Gabriel Orozco (born April 27, 1962) is a Mexican artist. He gained his reputation in the early 1990s for his exploration of drawing, photography, sculpture and installation. In 1998, Francesco Bonami called Orozco "one of the most influential artists of this decade, and probably the next one too."

== Biography ==
=== Early life and education ===
Orozco was born in 1962 in Veracruz, Mexico to Cristina Félix Romandía and Mario Orozco Rivera, a mural painter and art professor at the University of Veracruz. When Orozco was six, the family relocated to the San Ángel neighborhood of Mexico City so that his father could work with artist David Alfaro Siquieros on various mural commissions. His father took him along to museum exhibitions and to work with him, during which time Orozco overheard many conversations about art and politics.

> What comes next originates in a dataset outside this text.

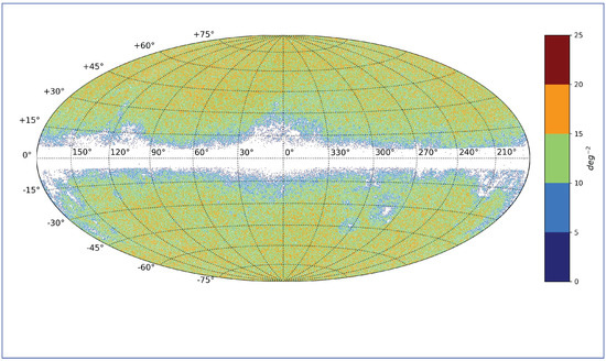 Using the Fibonacci grid, we constructed a catalog with N = 600,000 sources. After cross-matching with the 5-parameters solution using TOPCAT, 432,184 sources were retained. The spatial distribution of these samples across the celestial sphere is depicted in Figure 4. The density distribution of the sources reveals sparse coverage in regions of low Galactic latitude due to Galactic obscuration, particularly near . When the Galactic latitude is less than , the source density decreases significantly. Across most of the celestial sphere, the density is consistently maintained at 10–15 sources per square degree. Small-scale variations are observed due to the cross-verification process using the Fibonacci grid and the 5-parameter solution. In certain localized regions, the density increases to 15–20 sources per square degree. Despite these minor fluctuations, the denser regions remain uniformly distributed across the celestial sphere, confirming the effectiveness of the sampling method.

Orozco attended the Escuela Nacional de Artes Plásticas between 1981 and 1984 but found the program too conservative. In 1986, he moved to Madrid and enrolled at the Circulo de Bellas Artes. There his instructors introduced him to a broad range of post-war artists who were working in non-traditional formats. He said of his time in Spain, "What's important is to be confronted deeply with another culture. And also to feel that I am the Other, not the resident. That I am the immigrant. I was displaced and in a country where the relationship with Latin America is conflicted. I came from a background that was very progressive. And then to travel to Spain and confront a very conservative society that also wanted to be very avant-garde in the 1980s, but treated me as an immigrant, was shocking. That feeling of vulnerability was really important for developing my work. I think a lot of my work has to do with that kind of exposure, to expose vulnerability and make that your strength."

=== Career ===
In 1987, Orozco returned from his studies in Madrid to Mexico City, where he hosted weekly meetings with a group of other artists including Damián Ortega, Gabriel Kuri, Abraham Cruzvillegas and Dr. Lakra. This group met once a week for five years and over time the artist's home became a place where many artistic and cultural projects took shape.

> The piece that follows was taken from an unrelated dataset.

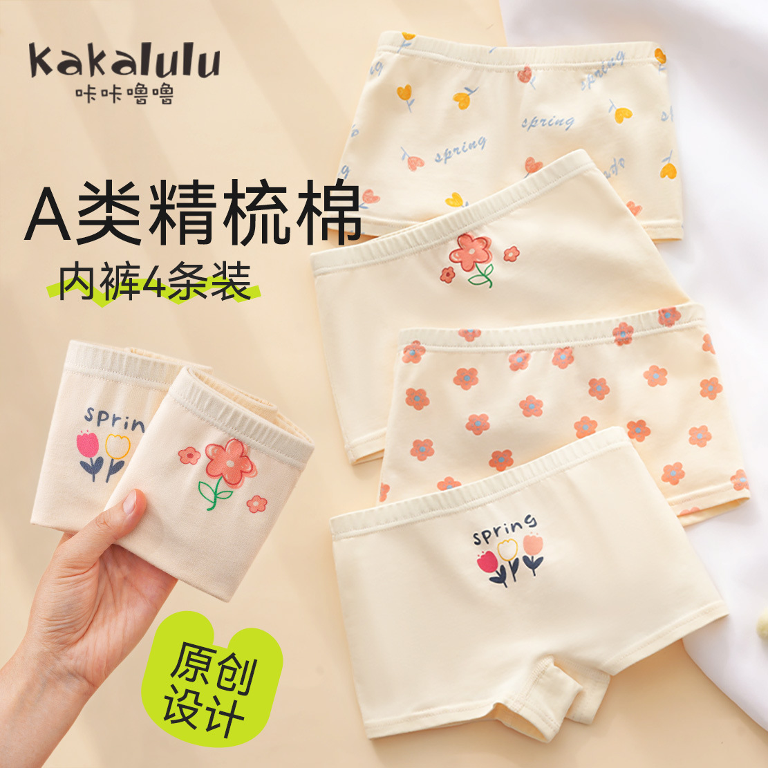 女童内裤纯棉a类儿童平角小女孩四角裤不夹屁股女宝宝短裤中大童

Orozco's nomadic way of life began to inform his work strongly around this time, and he took considerable inspiration from exploring the streets. His early practice was intended to break away from the mainstream work of the 1980s, which was often created in huge studios with many assistants and elaborate techniques of production and distribution. In contrast, Orozco typically worked alone or with one or two other assistants. His work revolves around many repeated themes and techniques that incorporate real life and common objects. The exploration of his chosen materials allows the audience's imagination to explore the creative associations between oft-ignored objects in today's world.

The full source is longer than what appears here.